Nothing in Setinterface guarantees the order in which the elements are to be returned. And there is no such thing, as Makotowould like it in his accepted answer, as right implementationthat could theoretically do the job, because we are not asked for any implementation here, but whether interfaceprovides the requested capability.
Set接口中的任何内容都不能保证元素返回的顺序。并且没有这样的事情,正如Makoto在他接受的答案中所希望的那样,作为理论上可以完成这项工作的正确实现,因为这里没有要求我们提供任何实现,但是接口是否提供了请求的功能。

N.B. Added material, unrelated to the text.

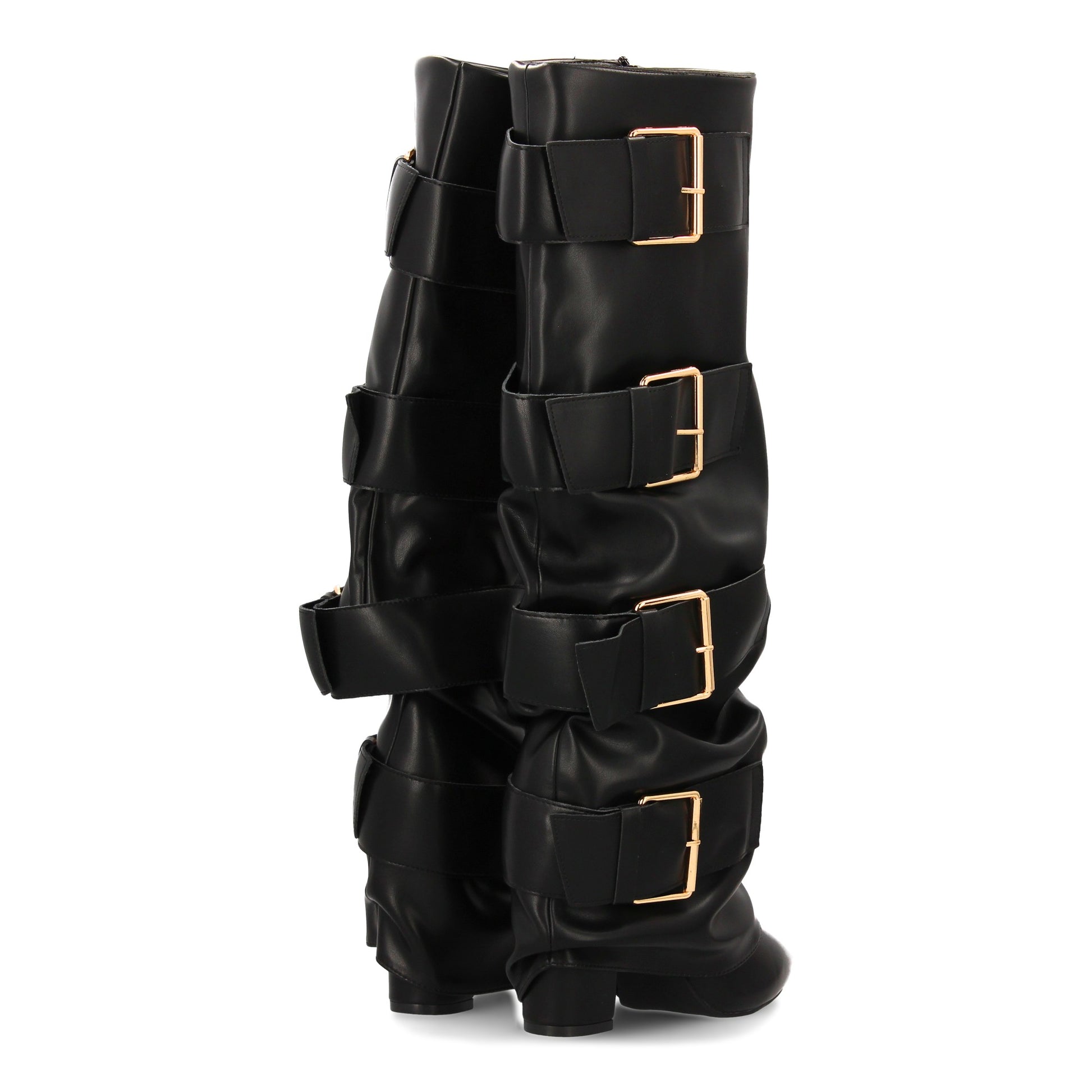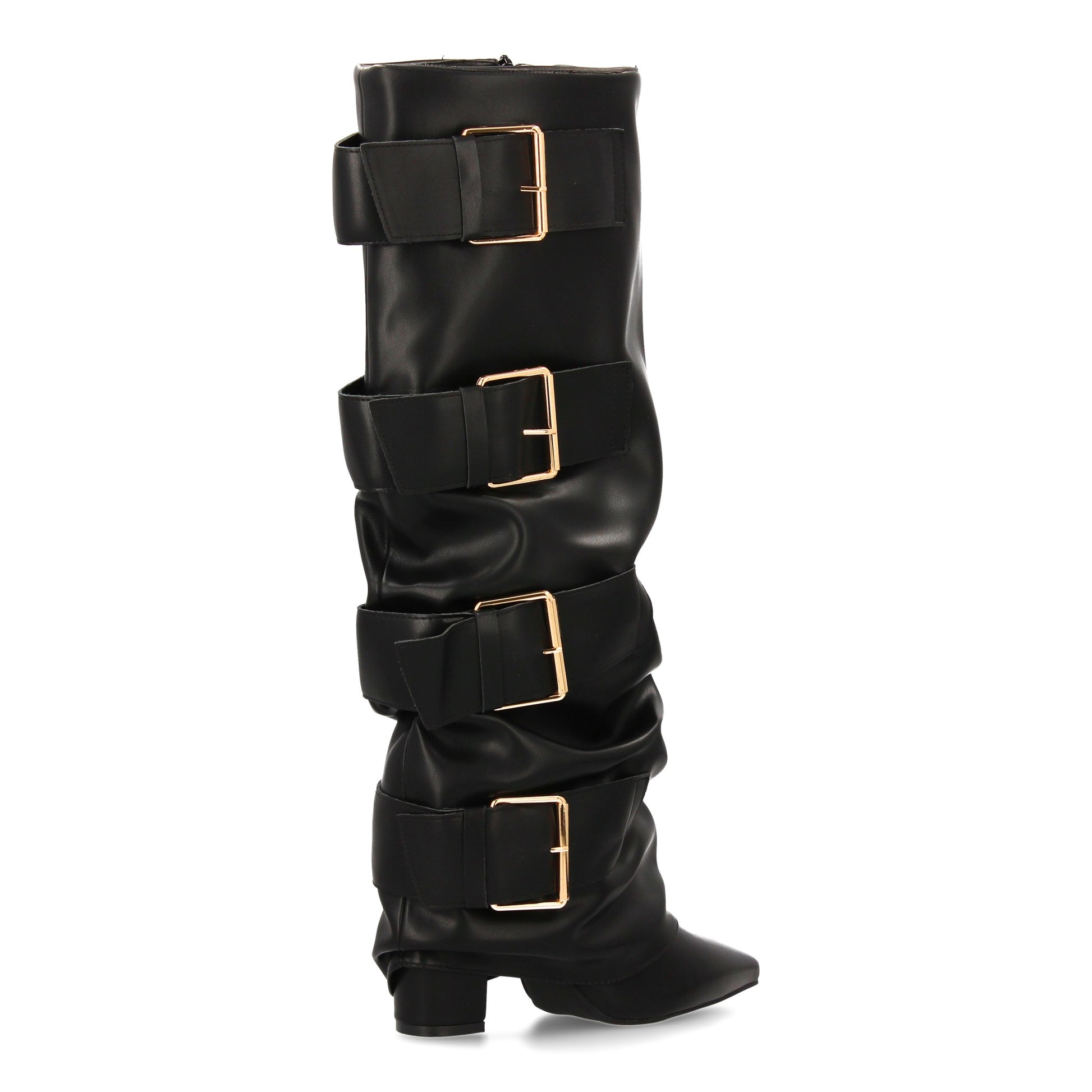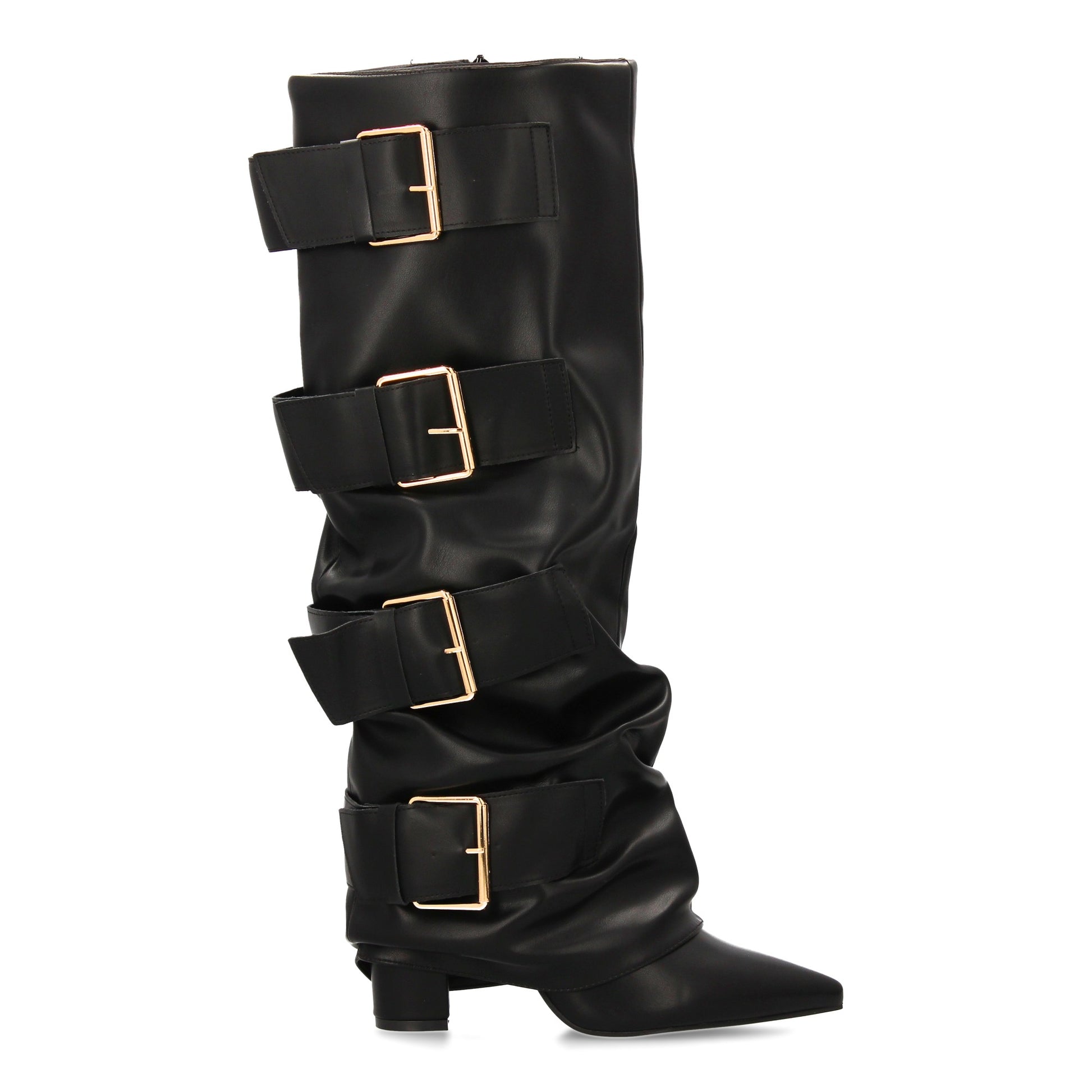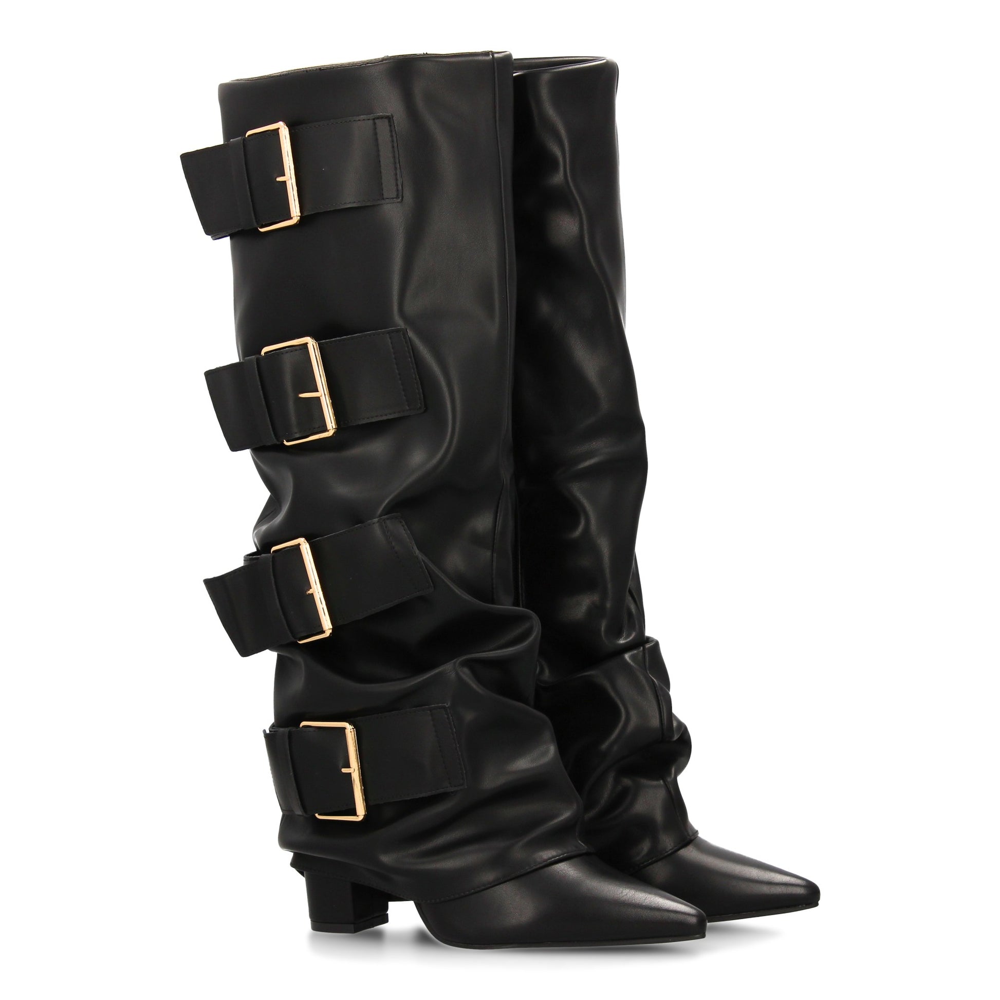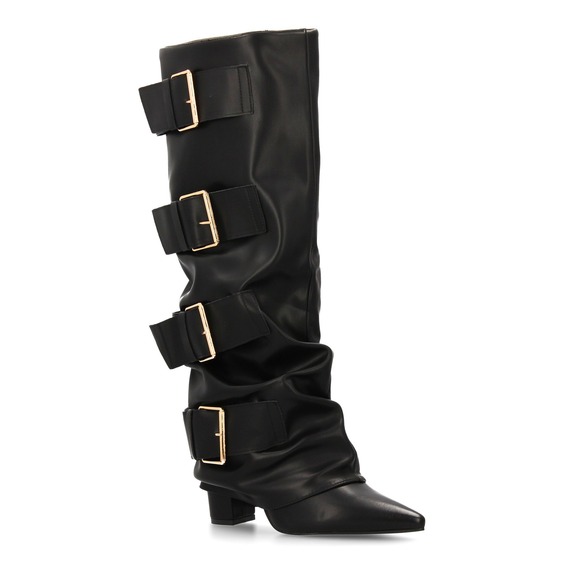 Bota alta con cuatro hebillas metálicas y tacón medio. Diseño estructurado con punta fina y acabado suave. Un modelo con carácter y estilo actual.

So, the test question with the answers provided is misguided.
因此,提供答案的测试问题是错误的。
Referring a bit more to accepted answer, there is one more reason for it to be wrong. Specifically, Makotoargues, that The List interface will definitely allow duplicates, which instantly rules it out.This argument may be defied by citation from Listspecification saying:
多参考已接受的答案,还有一个原因是错误的。具体来说,Makoto认为,List 接口肯定会允许重复,这会立即排除它。这个论点可能会被List规范中的引用所推翻:
It is not inconceivable that someone might wish to implement a list that prohibits duplicates, by throwing runtime exceptions when the user attempts to insert them, but we expect this usage to be rare
有人可能希望通过在用户尝试插入它们时抛出运行时异常来实现一个禁止重复的列表,这并非不可想象,但我们希望这种用法很少见
so in my opinion, any of the answers given is equally wrong, or, as accepted answerwants it, equally correct, as we are free to write implementation of List (or Map, or Collection) behaving in any way we wish (in boundaries set by an interface specification), but interfaces and their specifications are here to guaranteesome contract, and this question is really about them, not about possible implementations.
所以在我看来,给出的任何答案都同样是错误的,或者,正如公认的答案所希望的那样,同样正确,因为我们可以自由地编写 List(或 Map 或 Collection)的实现,以我们希望的任何方式(在边界内)表现由接口规范设置),但是接口及其规范在这里是为了保证某种契约,这个问题实际上是关于它们的,而不是关于可能的实现。